Isswanich Kulpornsorn, Poungcho Pattara, Buaban Koonchira, Chuntakaruk Hathaichanok, Sanachai Kamonpan, Chansriniyom Chaisak, Rungrotmongkol Thanyada, De-Eknamkul Wanchai, Chamni Supakarn
Pharmaceutical Sciences and Technology Program, Faculty of Pharmaceutical Sciences, Chulalongkorn University, Bangkok 10330, Thailand.
Department of Pharmacognosy and Pharmaceutical Botany, Faculty of Pharmaceutical Sciences, Chulalongkorn University, Bangkok 10330, Thailand.
ACS Omega. 2025 Aug 13;10(33):38211-38228. doi: 10.1021/acsomega.5c06242. eCollection 2025 Aug 26.

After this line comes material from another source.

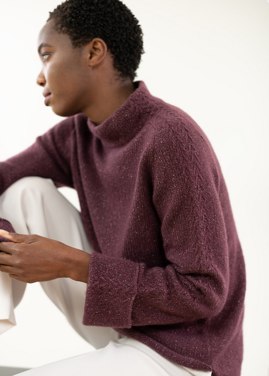 Женский пуловер с простым узором на рукаве, вязаный спицами из микса шелка, мериноса и кашемира.

The development of steroid 5α-reductase inhibitors for the treatment of androgenetic alopecia remains challenging, primarily due to the unavailability of a crystal structure for human steroid 5α-reductase type-1 (SRD5A1) and the adverse effects associated with existing steroidal therapeutic agents such as finasteride and dutasteride. In this study, hydroxycinnamate derivatives were synthesized and evaluated for their inhibitory activity against SRD5A1 using an immortalized human keratinocyte cell-based assay coupled with nonradioactive high-performance thin-layer chromatography analysis. Three ferulate derivatives featuring 2',5'-, 3',4'-, and 3',5'-bis-(trifluoromethyl)-phenyl substituents (, , and ) demonstrated inhibitory activity with half-maximal inhibitory concentrations (IC) of 8.50, 10.06, and 8.05 μM, respectively, exhibiting low cytotoxicity and favorable predicted lipophilicity. Compound was chosen for further investigation to assess its effect on SRD5A1 protein expression. Treatment of HaCaT cells with compound at concentrations of 10-15 μM for 24 h significantly downregulated SRD5A1 protein expression, suggesting its inhibitory effect on both SRD5A1 activity and expression. An model identified key binding interactions between the AlphaFold-generated SRD5A1 catalytic pocket and the residues R98, M119, A120, E202, and F228, among which M119 is recognized as a crucial residue for the stereoselective and irreversible reduction catalyzed by SRD5A1. Structure-activity relationship analysis indicated that the 3-methoxy-4-hydroxy core facilitates hydrogen bonding with R98, whereas the cinnamoyl and bis-(trifluoromethyl)-phenyl moieties enhance hydrophobic and halogen interactions with key residues, improving binding affinity and molecular orientation. Thus, these bis-(trifluoromethyl)-substituted phenyl ferulate derivatives present a promising class of nonsteroidal inhibitors for SRD5A1, with potential applications in developing topical antiandrogenic agents for the treatment androgen-related conditions.
开发用于治疗雄激素性脱发的甾体5α-还原酶抑制剂仍然具有挑战性,主要原因是缺乏人1型甾体5α-还原酶(SRD5A1)的晶体结构,以及现有甾体治疗药物(如非那雄胺和度他雄胺)存在不良反应。在本研究中,合成了羟基肉桂酸酯衍生物,并使用基于永生化人角质形成细胞的测定法结合非放射性高效薄层色谱分析,评估了它们对SRD5A1的抑制活性。三种具有2',5'-、3',4'-和3',5'-双(三氟甲基)苯基取代基的阿魏酸衍生物(、和)表现出抑制活性,其半数最大抑制浓度(IC)分别为8.50、10.06和8.05 μM,具有低细胞毒性和良好的预测亲脂性。选择化合物进行进一步研究,以评估其对SRD5A1蛋白表达的影响。用10-15 μM浓度的化合物处理HaCaT细胞24小时,可显著下调SRD5A1蛋白表达,表明其对SRD5A1活性和表达均有抑制作用。一个模型确定了AlphaFold生成的SRD5A1催化口袋与残基R98、M119、A120、E202和F228之间的关键结合相互作用,其中M119被认为是SRD5A1催化立体选择性和不可逆还原的关键残基。构效关系分析表明,3-甲氧基-4-羟基核心促进与R98形成氢键,而肉桂酰基和双(三氟甲基)苯基部分增强与关键残基的疏水和卤素相互作用,提高结合亲和力和分子取向。因此,这些双(三氟甲基)取代的苯基阿魏酸酯衍生物是一类有前景的SRD5A1非甾体抑制剂,在开发用于治疗雄激素相关疾病的局部抗雄激素药物方面具有潜在应用。